I did believe in "God". I don't any more. Some years ago, I took an interest in quantum mechanics. If God wasn't such a popular idea, and if the christians (the american taliban) weren't so afraid of science, the whole god-concept would go the way of Thor, Odin, Isis, Pele, and the rest of the gods and their children.
There is an energy field. it appears to be aware. It does not, however, involve itself in the workings of our lives. To make it easier to understand, it is "being" but it is not "a" being. Because of the Big Bang, which left us all entangled, we are one being, and that one being is the energy field, that physicists call the quantum field, the morphic field, the unified field, etc, and spiritual people call the universal intelligence, the greater self, etc.
Better than 99% of quantum physicists are non=christian. They have found something far more beautiful, inspiring, empowering, and satisfing. My life is a gagillion times better as an ex-christian than a christian. when I stopped insisting that God be part of my worldview, the beauty of live exploded - within and without.

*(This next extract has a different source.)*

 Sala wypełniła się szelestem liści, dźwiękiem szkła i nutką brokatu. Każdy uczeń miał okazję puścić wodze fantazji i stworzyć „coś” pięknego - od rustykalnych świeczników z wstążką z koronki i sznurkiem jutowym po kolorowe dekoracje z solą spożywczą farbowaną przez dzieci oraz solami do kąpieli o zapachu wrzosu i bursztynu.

I believe in god. Its true most people believe in a god because he or her needs a reason to feel adequate like there is something to keep them from falling in this desoate pit. Let's examine the word god. Its just a title. There are many gods. I so happen to believe in jehovah. There is a difference in religious people than those who ust believe in a certain deity. Let's face this... all things must end...atleast in this world. So if my lord exists then the non believers will see and then be forced beyond will to see the truth. Belief requires a humble person anyway. I have had too much destruction in my life to ignore the miracles of something greater than myself. Also let's examine the word devil...it simply means liar.

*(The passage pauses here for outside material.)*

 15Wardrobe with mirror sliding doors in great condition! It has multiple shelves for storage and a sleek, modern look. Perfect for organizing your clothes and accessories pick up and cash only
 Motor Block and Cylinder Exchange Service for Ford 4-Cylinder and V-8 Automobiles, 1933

Look, people are comfortable with there sin. We all (myself included) hold our sins near and dear to our hearts. We don’t want to be accountable to an intelligent designer so we PRETEND there isn’t one.

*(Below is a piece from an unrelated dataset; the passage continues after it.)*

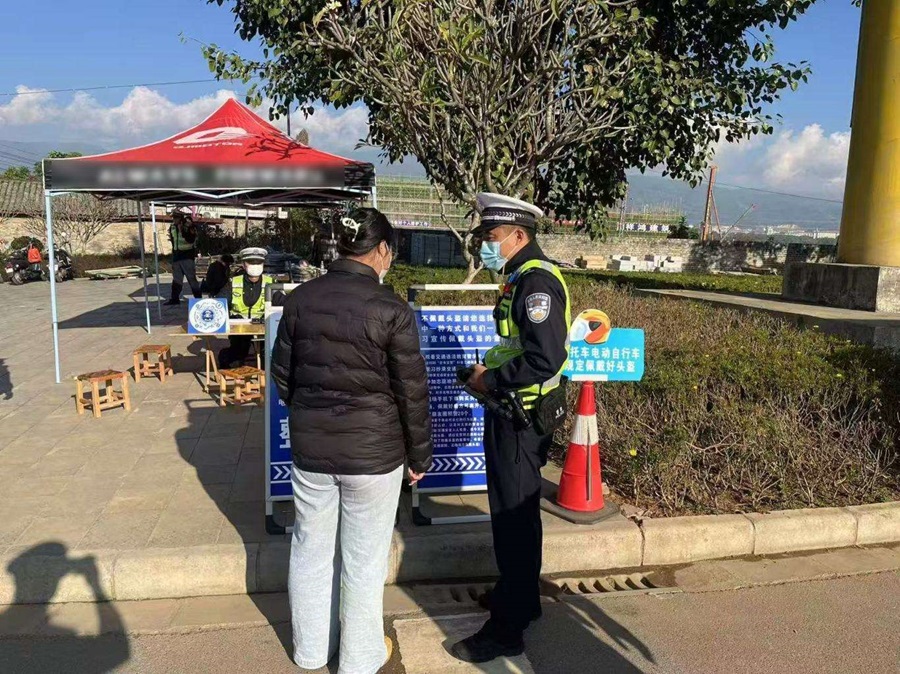 芒市交管大队对未佩戴安全头盔的驾驶人开展现场教育(1月5日摄)。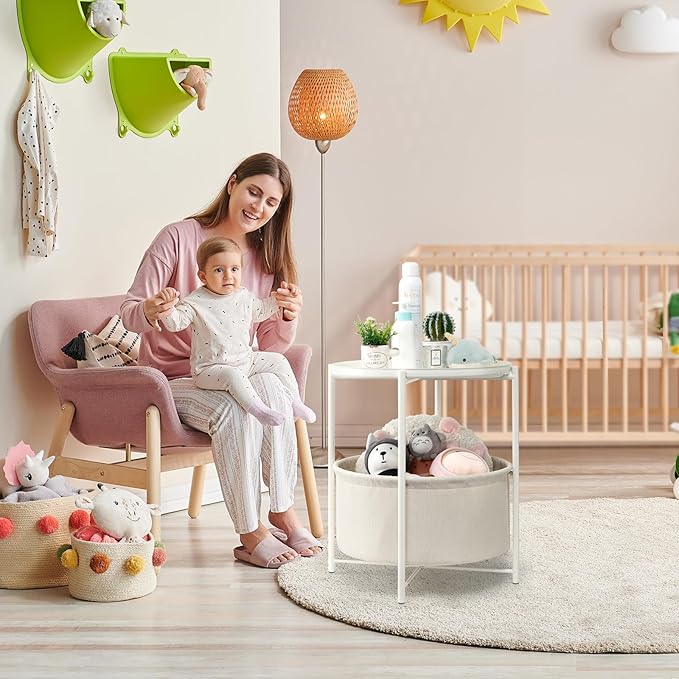 danpinera Round Side Table with Fabric Storage Basket, Metal Side Table Small Bedside Nightstand with Removable Tray Top for Living Room, Bedroom, Nursery, Laundry, White

At first, I thought I believed because it was what I was raised to believe. Then, I thought I didn't believe because so many things never made sense to me. After that, I thought I was agnostic. Now, after realizing that there's more to the multiverse, this universe, and existence than any of us can comprehend, I realized that no one has asked the right questions. This all goes beyond "belief", and pertains more to the details of what is believed.
I do not.
Because it doesn't exist.
I can find nothing that can't be explained without invoking a god.
"I contend that we are both atheists. I just believe in one fewer god than you do. When you understand why you dismiss all the other possible gods, you will understand why I dismiss yours.", Stephen Roberts.
The idea of a god is preposterous on its face and there isn't a single shred of evidence to even suggest the existance of a real god. Man invented god. That is the simple truth.